What is the Bronx state of history? Despite its long history, it is only 100 years ago when it was officially recognized as a county in New York State. Bronx County Historical Society educator Angel Hernandez will speak on the early history of The Bronx through its achieving county status on March 29 at The Bronx Archives Building.

On April 9, The Bronx County Historical Society will present an exhibition at the Museum of Bronx History titled “Bronx County – 100 Years.” One notes that this recognition of county status occurred subsequent to the creation of the expanded New York City.

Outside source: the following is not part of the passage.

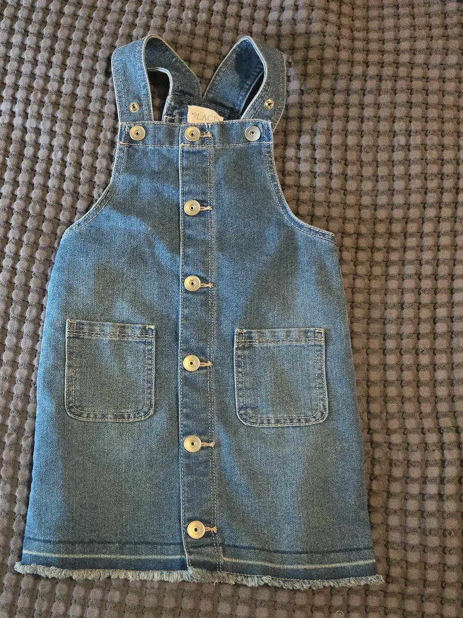 Cute denim jumper dress from The Children's Place! It features button closures and two front pockets. Perfect for your little one to wear during warmer weather. 4T

The Bronx differs from the other boroughs in New York in that its name includes the definite article “the.” One doesn’t refer to “the Brooklyn” or “the Queens” but one does say “the Bronx.” Indeed to drop the article would expose one as a foreigner unfamiliar with the borough. One should also note that it is the New-York Historical Society as well. Some of the old traits linger.

One can still visit the colonial home of the Broncks. However that homestead is in Greene County and from a collateral line of the ethnically Swedish Dutch family who gave its name to the borough. As Dave Dorpfeld, the Greene County historian reminded me, the family home, where I get seasick standing due to its lack of right angles joining the walls and the floor, celebrated its 350th anniversary in 2013. In the Bronx, traces of the original Dutch settlers are fleeting and often in name only like Van Cortlandt Park which had been purchased in 1646 by Adriaen Van Der Donck who gave his name to Yonkers in Westchester County.

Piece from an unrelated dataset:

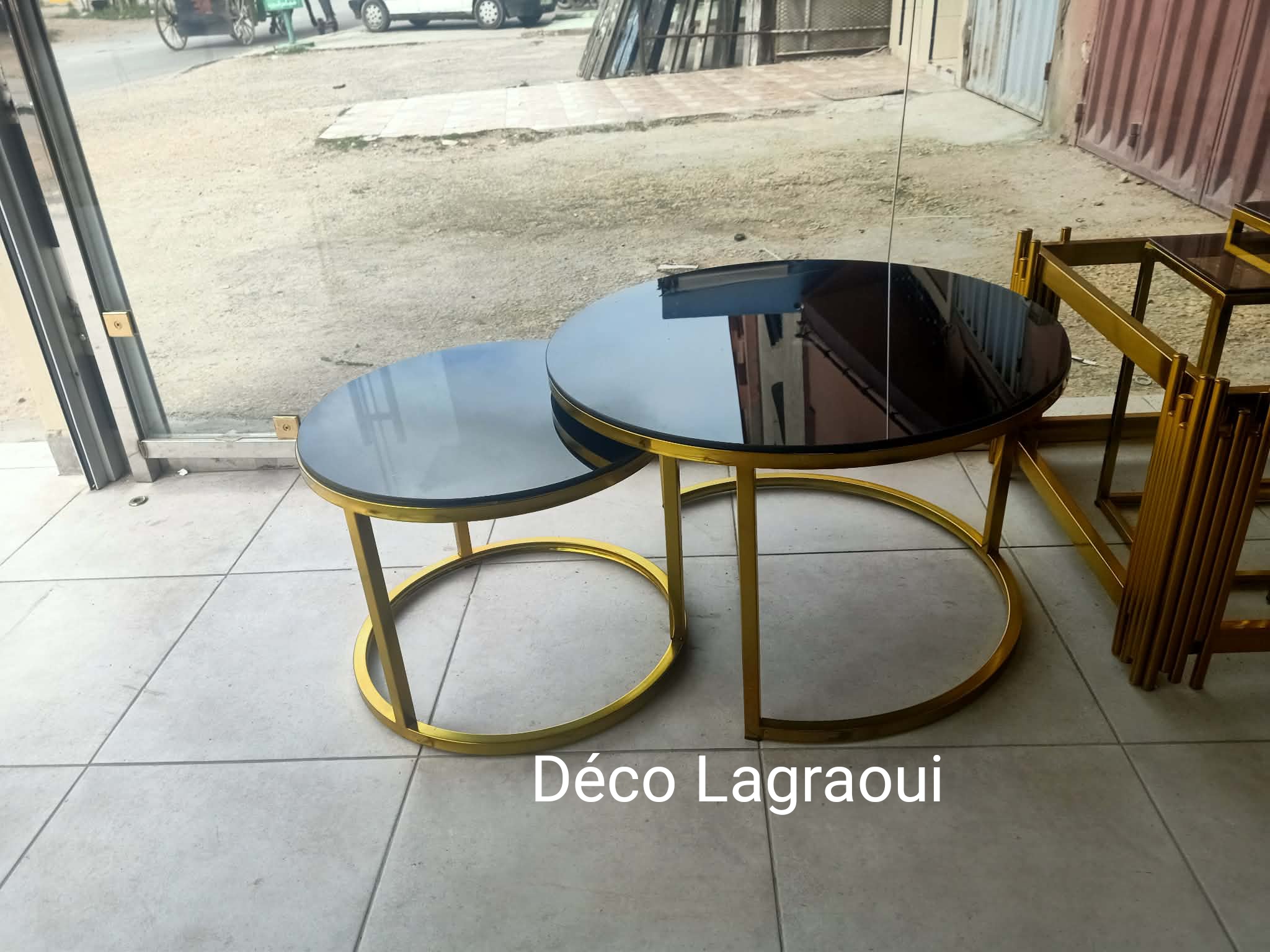 tables en inox de forme ronde, emboîtables (une qui rentre dans l’autre)...

The Bronx itself was part of Westchester and there is a story to be told about how it and other parts of the mainland became part of what is now New York City. One interesting trivia factoid is that the Bronx River served as a dividing line between the towns that were in New York City to the west and those that weren’t to the east. The Bronx River itself has experienced somewhat of a revival. Recently the former toxic river amidst unappetizing industrial and commercial structures became home to over 100,000 oysters, a small down-payment to restore what once was ubiquitous along the river. People walk and paddle the river now as well.

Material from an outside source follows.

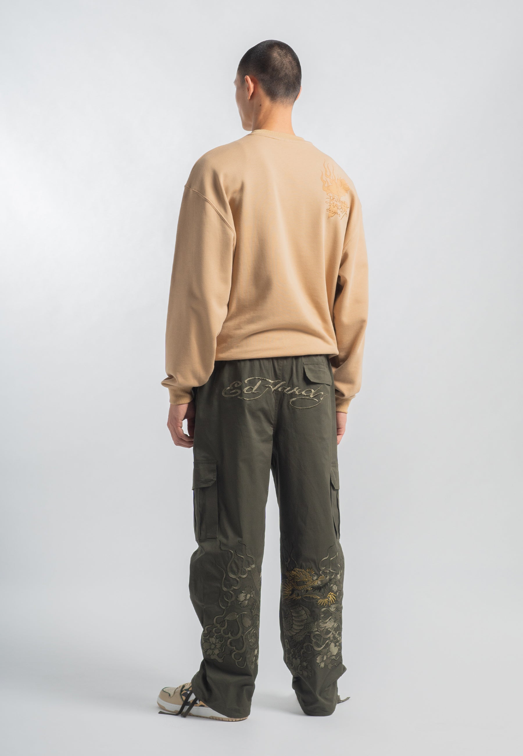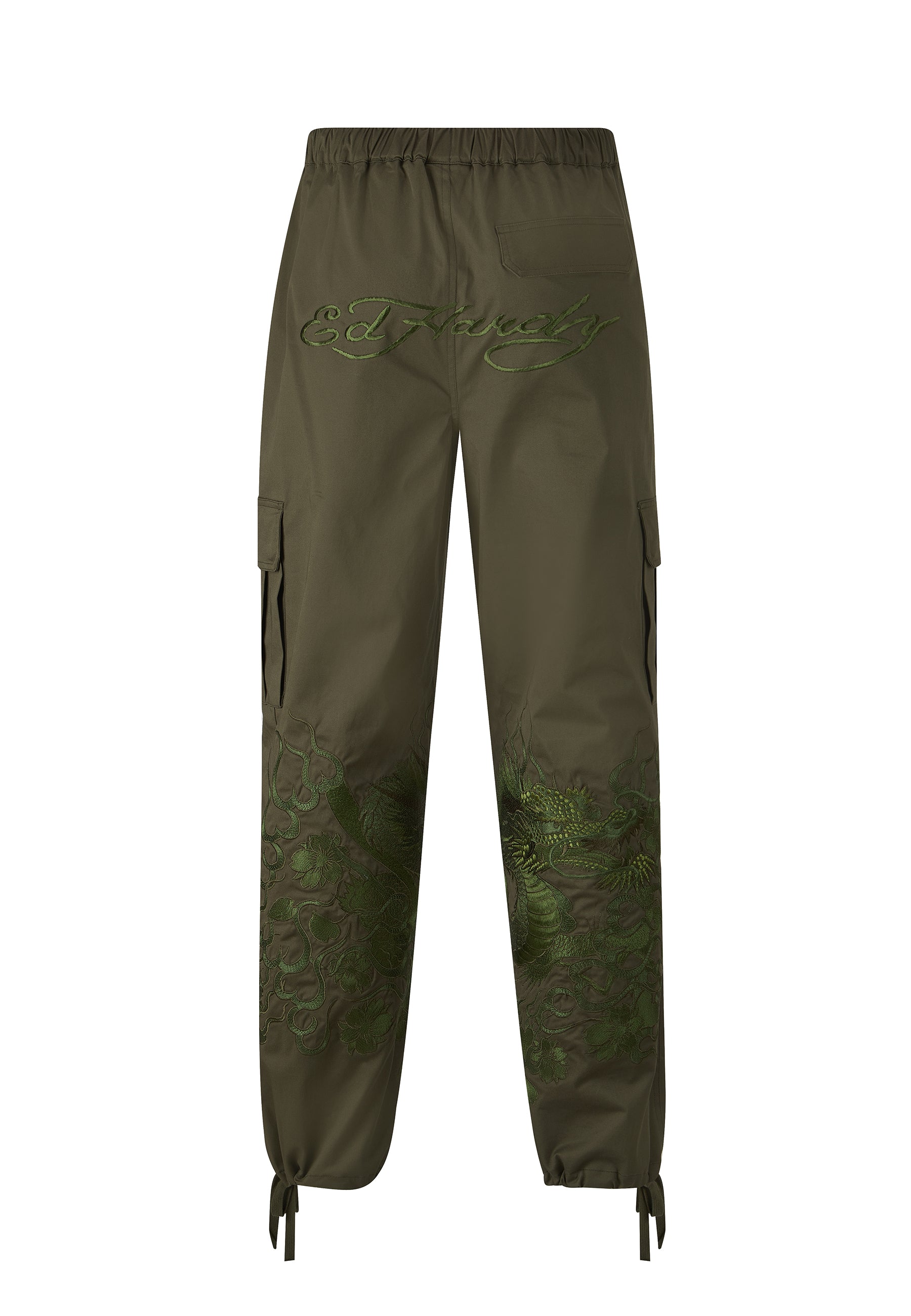 Introducing the Vintage Dragon Combat Trouser. Featuring meticulously crafted vintage-inspired tonal embroidery, the design pays homage to Ed Hardy's archive artworks.

The Bronx River Parkway follows that river. It serves as a reminder that when these roads were first built they were called “parkways” because they were “ways” or “roads” which were in parks. They followed the natural contours of the river valleys unlike the Interstate system. These narrow winding roads such as the Saw Mill River Parkway and the Hutchinson River Parkway were built for an earlier era prior to mass commuting and still are subject to flooding. My mother remembers when my grandfather took the family for an outing from New York to drive the Bronx River Parkway. Traffic was less than. Now in parts of Westchester, the parkway is closed on Sundays for biking. Times change.

Other changes have occurred as well. In this post-Solomon Northup era, students at Public School 48 appear to have uncovered an African slave burial ground in Joseph Rodman Drake Park. The school has asked the New York State Office of Parks, Recreation and Historic Preservation to officially recognize the park. This work was spearheaded by Philip Panaritis of the NYC Education Department who was involved in the Teaching American History program. He is a strong advocate of bringing local history, specifically The Bronx, into the school curriculum. In fact, Andrew Meyers, of the Ethical Culture Fieldston School in the Bronx [full disclosure: I am a graduate] has taught a high school course using the borough as a field school for the students. Shouldn’t every borough or county at least have an elective on its own history?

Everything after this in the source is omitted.